Whitehall at that point of time had its own strategic calculations to support Partition that would ensure the permanent division of the subcontinent. Kashmir as a permanent bone of contention between India and Pakistan served that purpose. This was accomplished by British Generals who led both the Indian and Pakistani armies. That is why a junior Major Brown belonging to the state’s border scouts could bypass the army high command of both nations to arbitrarily declare that Gilgit was part of Pakistan.
The confusion was compounded by Nehru approaching the UN for intervention instead of driving out the raiders which was militarily achievable. Confusion was further compounded by India accepting the UN Resolution on a Kashmir plebiscite. Things deteriorated beyond repair by India foolishly opposing for decades the plebiscite instead of insisting on implementation of its preconditions that virtually crippled Pakistan’s prospects.

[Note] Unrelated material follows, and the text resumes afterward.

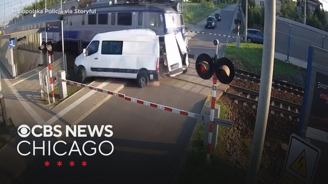 A terrifying crash when a train struck a van on the tracks in Poland was caught on video. Miraculously, no one was hurt.
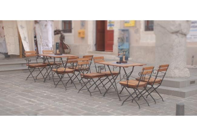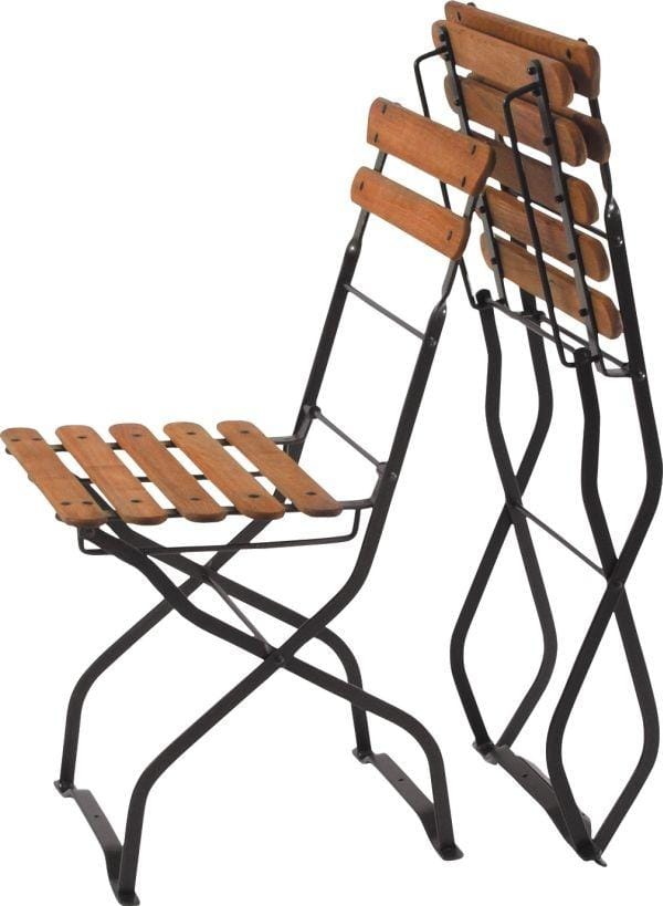 Description: The garden chair Ljubljana BRN is designed for professional use on restaurant and hotel terraces and other outdoor spaces. Its foldable metal frame made of galvanized iron, protected with a durable anthracite coating, ensures stability, corrosion resistance, and longevity. The seat and backrest made of wood (impregnated acacia) offer resistance to weather influences and long-lasting durability.

Thereby India became embedded in public consciousness across the world as being guilty and defensive on Kashmir while Pakistan was perceived as the wronged party representing Kashmiri sentiment. The army help extended by India to create Bangladesh further inflamed anti-Indian sentiment in Pakistan. With all these factors Pakistani public opinion will not reconcile itself to peace with India without evening the score. It is futile to discuss the merits or demerits of such thinking. This feeling exists. And for any realistic attempt to stabilize relations with Pakistan, New Delhi will have to address this problem if it at all desires peace.
What can India do?
Obviously New Delhi must formulate an explicit policy to resolve the Kashmir dispute. Credible opinion surveys have established that the people of Jammu , Ladakh and Pakistan Occupied Kashmir (POK) are content to remain as they are. Only, both sides desire soft borders and free movement of people across two sides of the border. The real dispute pertains only to the Valley. Here the vast majority want independence. A few prefer India . Even less want to merge with Pakistan. It is in relation to the Valley that New Delhi must formulate a mutually acceptable formula for settlement.

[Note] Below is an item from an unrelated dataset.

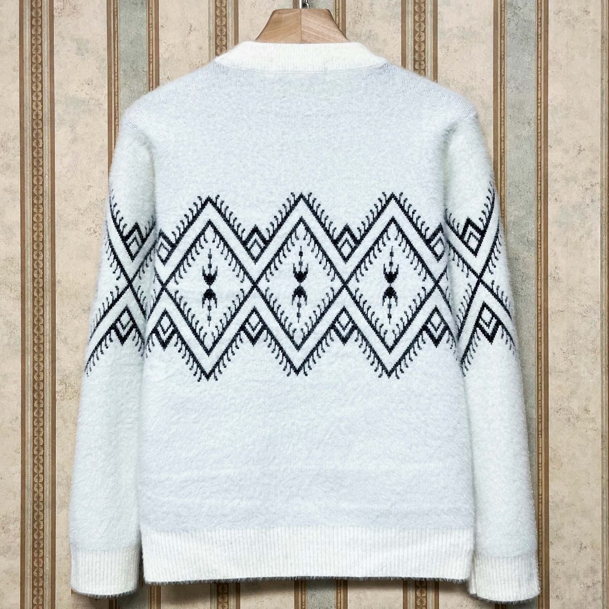 高級 定価5万 FRANKLIN MUSK・アメリカ・ニューヨーク発 上質カシミヤ混 柔らかい 光沢 保温 ニット アーガイル柄 トレーナー カジュアル 秋冬 サイズ4

After its complex history clearly the only credible and honourable solution would be for the people of the Valley to decide their own fate. Indeed, while accepting the Instrument of Accession of Kashmir to India, Nehru had added the caveat that it would be “in accordance with the wishes of the people”. However since then and now much has changed.
Therefore, the Indian government must insist that the offer of self-determination to people in the Valley must be accompanied by a clear acceptance in principle that India, Pakistan and the Valley, whatever is its fate, become over a period of time part of a South Asian Union having joint defence and common market with free movement of goods and people across all borders. The entire process may be phased over a specified time-frame to culminate eventually in joint defence between the armies of India and Pakistan.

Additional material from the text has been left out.